Landlording Basics To Succeed as a First Time Landlords
Owning a piece of real estate can significantly boost your financial portfolio. When done right, it can provide a steady stream of passive income, give you access to an appreciating asset, and create certain tax write-offs for your financial future. However, that’s not to say that owning a home and renting it out is easy. Many ways being a landlord can go wrong, particularly if you have a bad tenant, don’t take care of the asset, or are ill-prepared in any other way.
So, how can you be the best landlord possible? What can you do to maximize your chances of financial success? Here are some tips and information on how to get the most out of your rental property.
What Do I Need To Do Before I Buy a Property for Renting?

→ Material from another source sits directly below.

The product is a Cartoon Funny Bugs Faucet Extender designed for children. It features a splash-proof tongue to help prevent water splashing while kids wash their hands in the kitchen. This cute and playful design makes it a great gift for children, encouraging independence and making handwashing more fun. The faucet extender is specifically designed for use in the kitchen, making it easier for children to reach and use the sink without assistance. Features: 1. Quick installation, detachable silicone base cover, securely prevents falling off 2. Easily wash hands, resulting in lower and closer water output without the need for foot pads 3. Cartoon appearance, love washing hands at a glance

Adhering to landlording basics requires you to consider a few basics before buying a rental property and advertising it to tenants. Some considerations include the following:
Location, Location, Location
Do a comprehensive overview of where you want to buy a property. It includes knowing the neighborhood and the potential pitfalls and benefits of the area where you are looking to invest property. This will make it easier for you to understand the local rental market and the advantages or pitfalls to property owners and better grasp potential financing issues, like property taxes.
Create a Cash Flow Model
Create a cash flow model based on the estimated costs and rents. Learn how to evaluate a rental property based on your selected location.
Some cities and states are not great for real estate investing since it is hard to meet the 1% rule.

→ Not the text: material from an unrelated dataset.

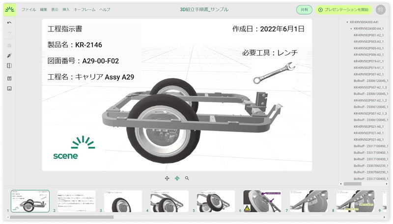 Sceneは製造に必要な組立手順書の作成を効率化するDXツールです。
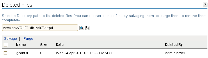 As an administrator, you can use the Files and Folders plug-in to iManager to salvage or purge deleted files from an NSS volume where the Salvage attribute is enabled. When salvaging deleted files, the file content, trustees, trustee rights, and inherited rights filter are just as they were before the file was deleted. If the rights in the tree above the salvaged file have changed, then the inherited rights for the salvaged deleted file is calculated based on the current rights above it in the directory tree.

Only some people can live in the best states for real estate investing. Consider if long-distance investing is an option, especially if you live in expensive California, Hawaii, or New York areas. Turnkey properties are suitable for out-of-state investors.
Roofstock is an online marketplace for tenant-occupied single-family homes—many of which are pre-inspected, come with a tenant in place, and are generating cash flow. Some even offer vacancy protection or a 30-day money-back guarantee.
Begin to determine how you will finance the purchase of your investment property. Investors have many property funding options, including creative real estate financing. In most cases, you will have to take out a bank loan for either a 15 or 30-year mortgage. You can also cash out refinance another property, such as your primary home.
Do your homework into all of the legalize necessary to become a landlord. There will be numerous federal, state, and local landlord-tenant laws that you will need to understand fully, and violating these laws can cost you financially or land you in real legal trouble. As such, it may be worth consulting with an attorney to determine what regulations you must adhere to, what you can and can’t do as a landlord, and how to best structure any legal entity regarding collecting rent.
- Prepare a rental application. There are applications already in existence that you can alter to fit your needs. Regardless, you should run this rental application past an experienced attorney. It can ensure that the application you are using complies with all relevant laws. It can also ensure that you have all the critical information.
- Understand what your responsibilities will be. Becoming a landlord and managing a residential rental property is highly time-consuming and challenging. You must ensure that you get high-quality tenants, maintain your rental property, adhere to all fair housing laws, and manage back-office operations.
- Like your personal finance, you need to develop a budget that adequately monitors your income and expenses for the rental property. This budget will allow you to determine your rental price and ultimately impact your lease agreement. You’ll also have to develop a robust understanding of when you expect your tenant to pay rent and what is the tenant’s responsibility versus yours.
What About Using a Property Management Company?
If you are interested in generating income from a property but aren’t interested in the day-to-day management of a property, a property management firm may be appropriate for you. A property management company can be hugely beneficial in helping you manage various aspects of your investment property.
They can help you collect rent payments, manage security deposits, execute lease agreements, and more. Property management organizations can also provide a slew of services related to managing tenants, dealing with unpaid rent, and repairing a property.
Of course, none of these services are free. Using a property management firm is expensive and will lessen the total profit from owning residential properties. Typical rates for property management are the first month’s rent and 10% of monthly rental income.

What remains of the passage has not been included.